No ano de 2021, a história de um professor decapitado falsamente acusado de islamofobia rodou o mundo; relembre o episódio
Redação Publicado em 28/11/2024, às 13h30
Em 2021, um episódio chocante reacendeu o debate sobre liberdade de expressão e segurança na França. Naquele ano, uma aluna de 13 anos, cujo testemunho precipitou uma série de eventos trágicos envolvendo o professor Samuel Paty, confessou ter fabricado sua acusação de islamofobia contra o docente. A revelação foi feita pelo advogado da jovem durante uma audiência judicial.
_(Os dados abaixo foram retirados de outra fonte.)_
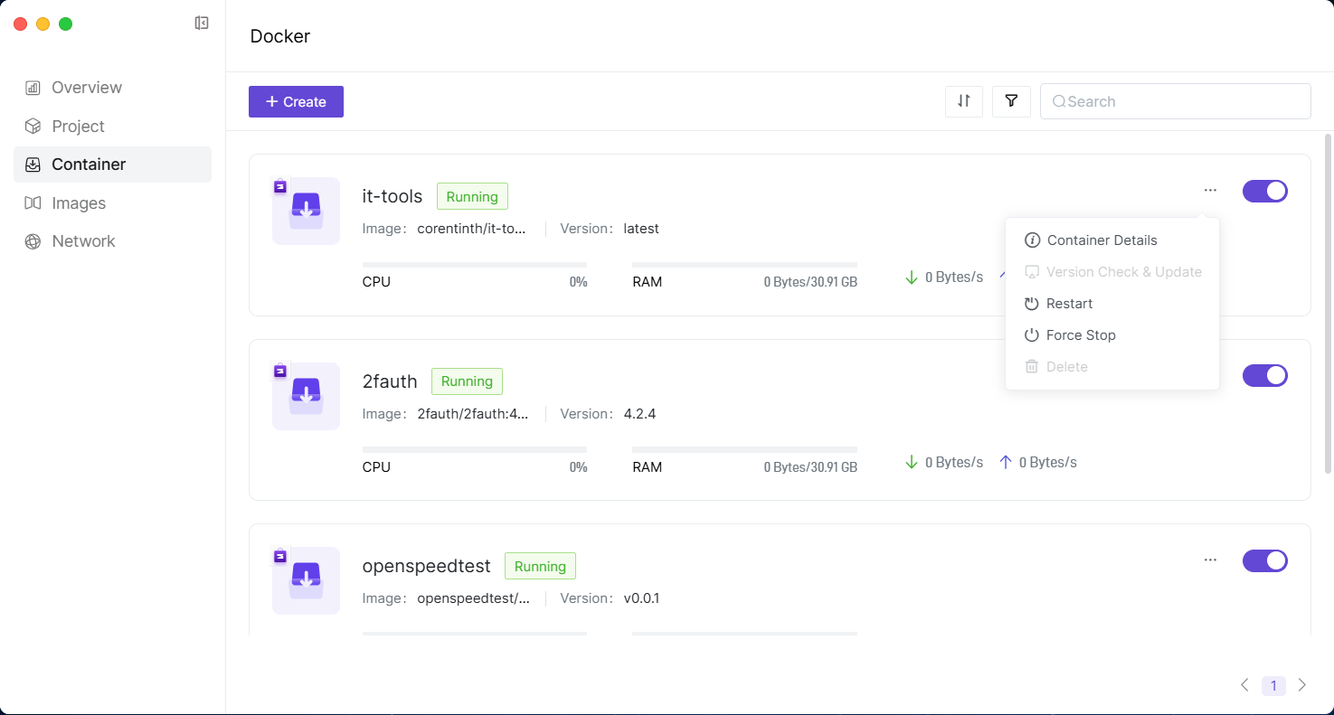 The container interface allows for convenient and quick management of containers, such as container creation, viewing container details, version checking and updating, restarting, stopping, and deleting.
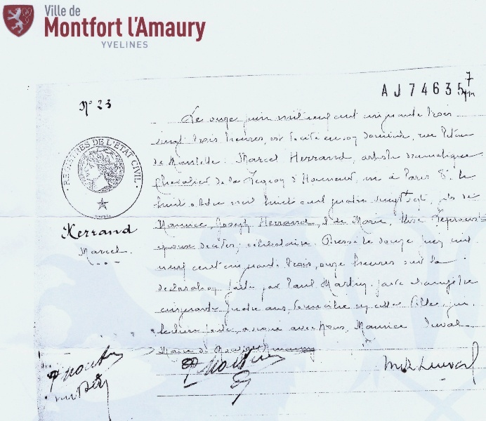 1953 Acte de décès (Montfort-L’Amaury, France)
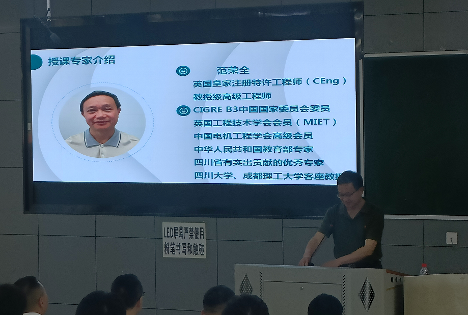 6月7日上午,国家电网公司范荣全教授应邀来校,在第二教学楼2-1教室作题为“新型电力系统背景下配电网发展模式”的学术报告。副院长廖其龙主持报告会,电气学院100余名师生代表聆听了此次报告。
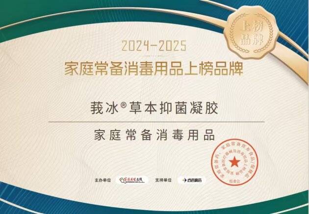 在此评选中,回元堂莪冰®草本抑菌凝胶凭借深厚的行业积淀、可靠的产品品质与广泛的市场认可,一举斩获“2024-2025家庭常备医疗器械与消毒用品上榜品牌”。
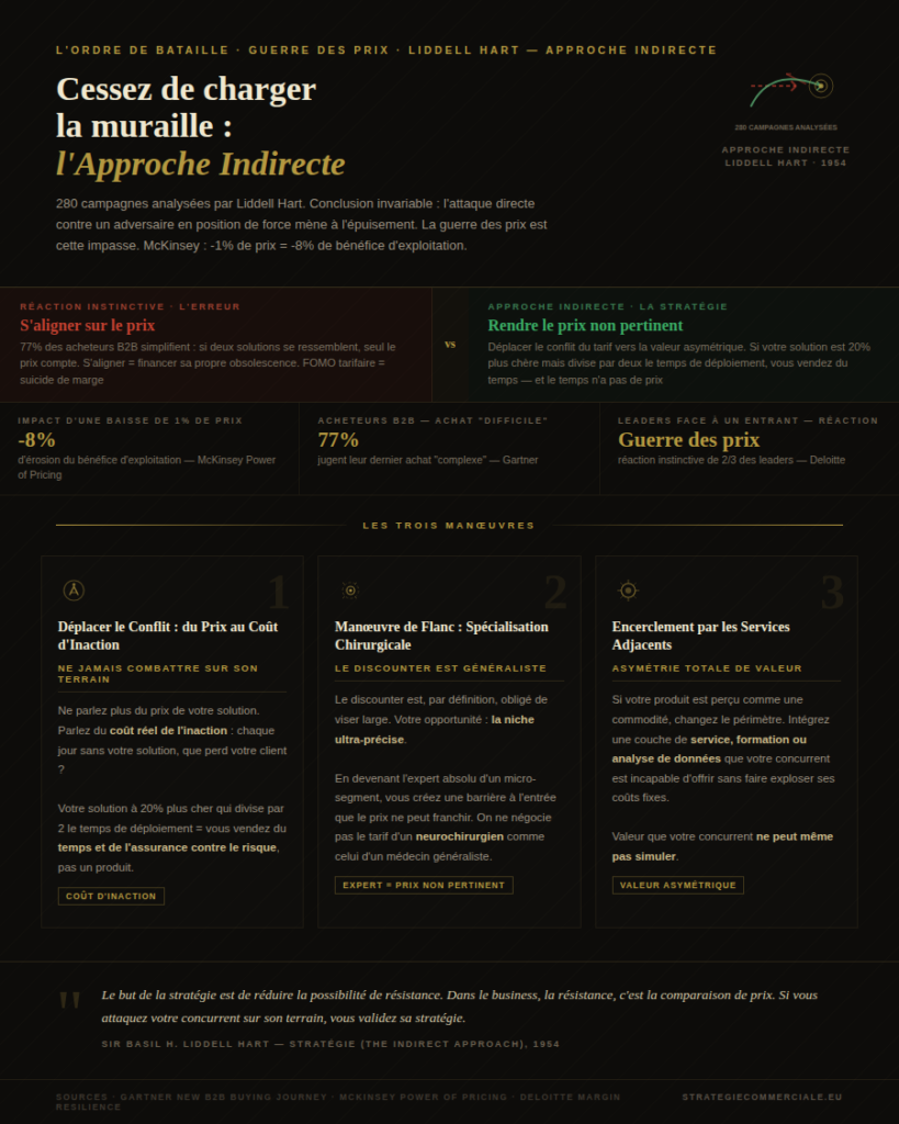 2. […] sur le prix. C’est épuisant, frustrant et peu rentable. Comme l’explique Liddell Hart, entrer dans une guerre des prix est toujours une erreur stratégique — mieux vaut rendre le prix non pertinent en différenciant par la […]

Em um depoimento revelado pela imprensa francesa, a estudante confessou que não estava presente na aula em que Paty exibiu charges do profeta Maomé durante uma discussão sobre liberdade de expressão.
A confissão da jovem veio à tona após uma audiência em novembro de 2021, onde foi acusada de "denúncia difamatória", cerca de um mês após o brutal assassinato do professor por Abdullakh Anzorov, um tchetcheno de 18 anos.
Conforme informações do jornal Le Parisien, a adolescente inventou sua versão dos fatos para justificar uma suspensão escolar por faltas excessivas. Alegou ter discutido com Paty devido a uma atitude que ele não tomou — exibir a classe "uma fotografia do profeta nu" e pedir aos alunos muçulmanos para se retirarem da sala.
Testemunhas presentes na aula, entretanto, desmentiram essa narrativa. Em uma aula de história e geografia, Paty instigou seus alunos a refletirem sobre dilemas contemporâneos relacionados à liberdade de expressão.
O ponto focal do debate foi a questão "ser ou não ser Charlie", aludindo ao slogan JeSuisCharlie, amplamente utilizado em solidariedade ao jornal satírico francês Charlie Hebdo.
O veículo de comunicação tornou-se alvo de um ataque terrorista em 2015, resultando na morte de 12 pessoas, um evento que suscitou discussões globais sobre os limites da liberdade de expressão e a violência extremista.
De acordo com os relatos, Paty havia informado aos estudantes muçulmanos sobre o teor potencialmente ofensivo das imagens e ofereceu-lhes a opção de fecharem os olhos ou deixarem a sala, respeitando suas crenças religiosas.
O pai da menina, ao ouvir a história falsa contada pela filha, divulgou vídeos nas redes sociais pedindo a demissão do professor e acusando-o de discriminação.
Com a repercussão online, a fake news chegou em Abdullakh Anzorov, imigrante tchetcheno de 18 anos que residia na Normandia. Inconformado com o que descobriu, viajou até Conflans Sainte-Honorine e identificou o professor.
Quando o docente saiu da escola em uma sexta-feira, Anzorov o decapitou a sangue frio. Já o criminoso acabou morto pelas autoridades da França horas após o ato bárbaro, com o crime classificado como terrorismo islâmico.
No começo do mês, iniciou-se no Tribunal Especial de Paris o julgamento de oito indivíduos acusados de incitar o assassinato de Paty, informou a RFI.
O processo judicial envolve dois jovens amigos do autor do crime, acusados de "cumplicidade em assassinato terrorista", podendo enfrentar penas de prisão perpétua. Outros seis réus respondem por "participação em associação criminosa terrorista", com possíveis condenações de até 30 anos de reclusão.
Entre os acusados está Brahim Chnina, marroquino de 52 anos e pai da aluna que iniciou a fake news. Outro réu notório é Abdelhakim Sefrioui, ativista islâmico franco-marroquino, que, junto com Chnina, ajudou a disseminar as mentiras nas redes sociais.
Sefrioui e Chnina estão presos há quatro anos sob a acusação de participação em uma "associação criminosa terrorista".
Em defesa de Sefrioui, o advogado Vincent Brengarth argumentou que seu cliente não conhecia Anzorov nem participou do ataque, pedindo que o julgamento resista às pressões da opinião pública.
Em um julgamento anterior no tribunal de menores, a filha de Chnina e cinco ex-colegas foram condenados a penas entre 14 meses e dois anos. Já Naim Budaoud e Azim Epsirkhanov, amigos próximos do assassino, enfrentam a possibilidade de prisão perpétua por auxiliarem Anzorov na aquisição da arma utilizada no ataque.